What's the point of all that height if you're not going to use it?
Well, Yarbrough does. And it's one of the biggest reasons he's been a surprise in a season filled with them for the first-place Yankees.
Yarbrough's six-inning, one-run performance in Sunday's win over the Los Angeles Dodgers stopped the team that beat the Yankees in last year's World Series from sweeping them. It also dropped the 33-year-old's ERA to 2.08 over five starts since he left the bullpen to join the rotation May 3.
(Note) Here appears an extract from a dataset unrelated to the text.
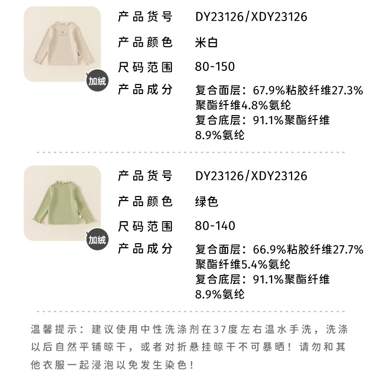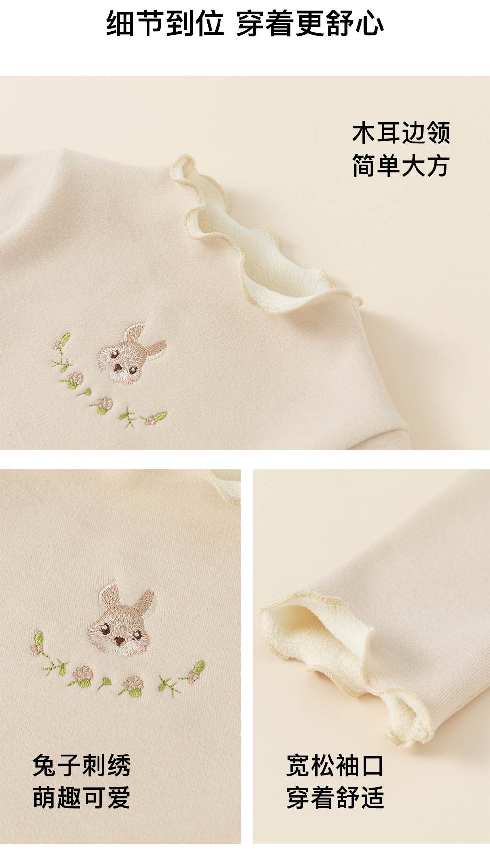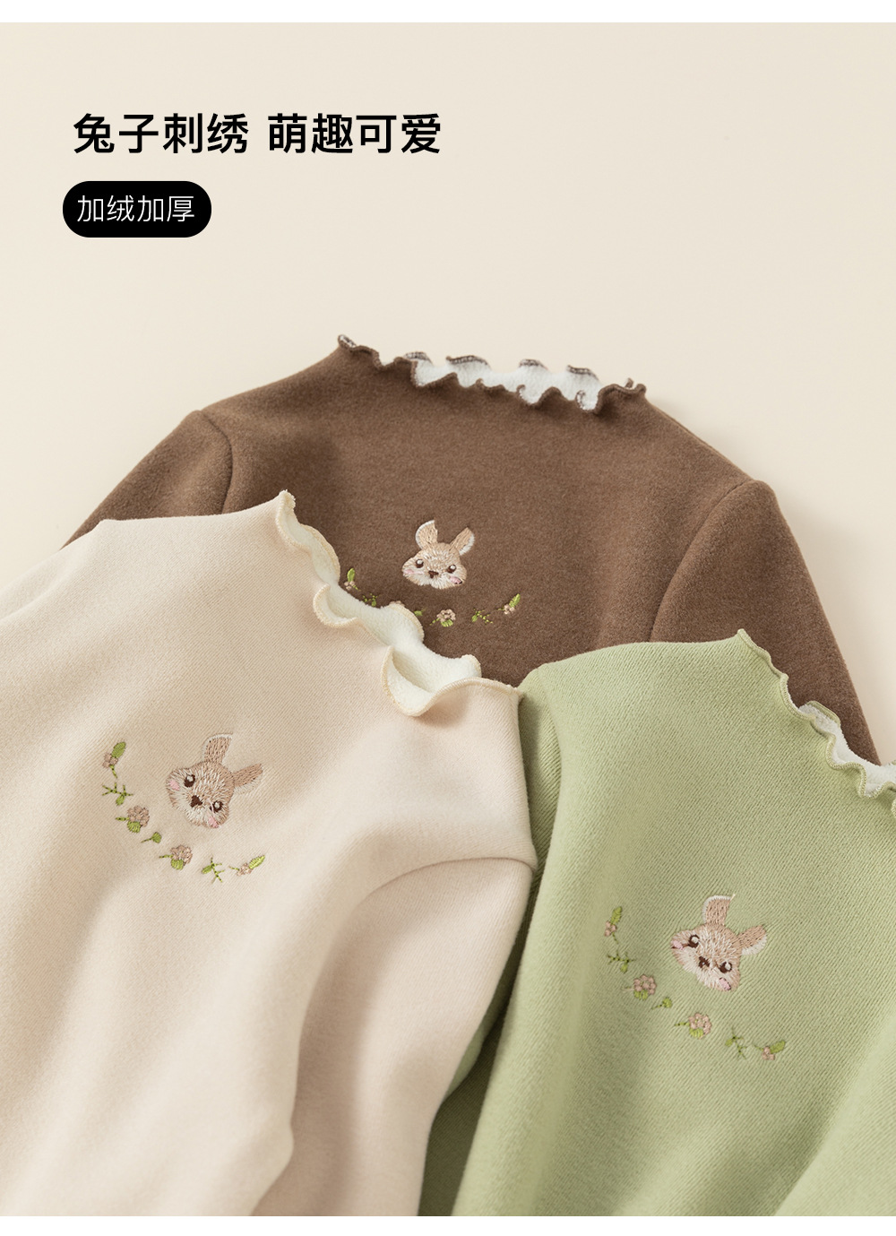 유바오 아동복 여아 겨울옷 다색 상의 어린이 토끼 자수 일체형 벨벳 이너웨어 여아 베이비 베이스 셔츠
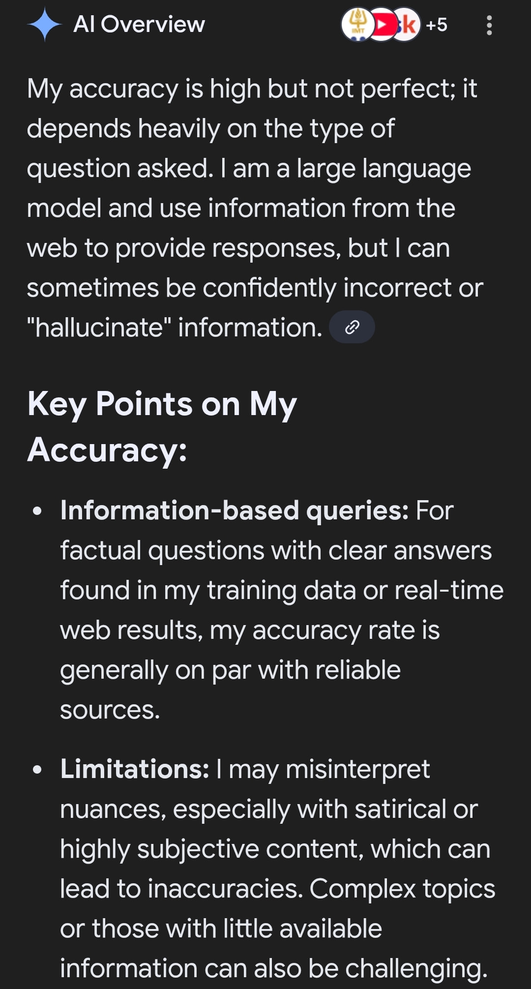Which? Consumer magazine recently did an accuracy study on AI answers and found the common AI service responses ranged from a very poor average 55% accurate to only an average pf 71% for the best.

When the Yankees tapped Yarbrough to make the switch, they weren't asking him for much. They just needed him to do better than Carlos Carrasco, whom he was replacing as the fifth starter. Through eight games (six starts), Carrasco had a 5.91 ERA.
The bar was low. Yarbrough has hurdled it.
'It's been fun watching him toe the slab for us,' manager Aaron Boone said.
Ryan Yarbrough, Nasty 77mph Changeup. 👌 pic.twitter.com/0rPM9Ord02
— Rob Friedman (@PitchingNinja) June 1, 2025
Yarbrough has been among the best pitchers in baseball in several ways.
Hitters aren't squaring him up. His 84.1 mph average exit velocity and his 27.3 percent hit rate put him in the 99th percentile and the 98th percentile, respectively, among all pitchers. Opponents are barreling just 3.6 percent of his pitches, placing him in the 94th percentile in that category.
His time in the bullpen was solid, too. Though he had a 4.11 ERA in eight appearances, that figure was inflated by a four-run blowup in two-thirds of an inning.
And Yarbrough has done it in pretty much the same way he has throughout his eight-year MLB career: by being weird.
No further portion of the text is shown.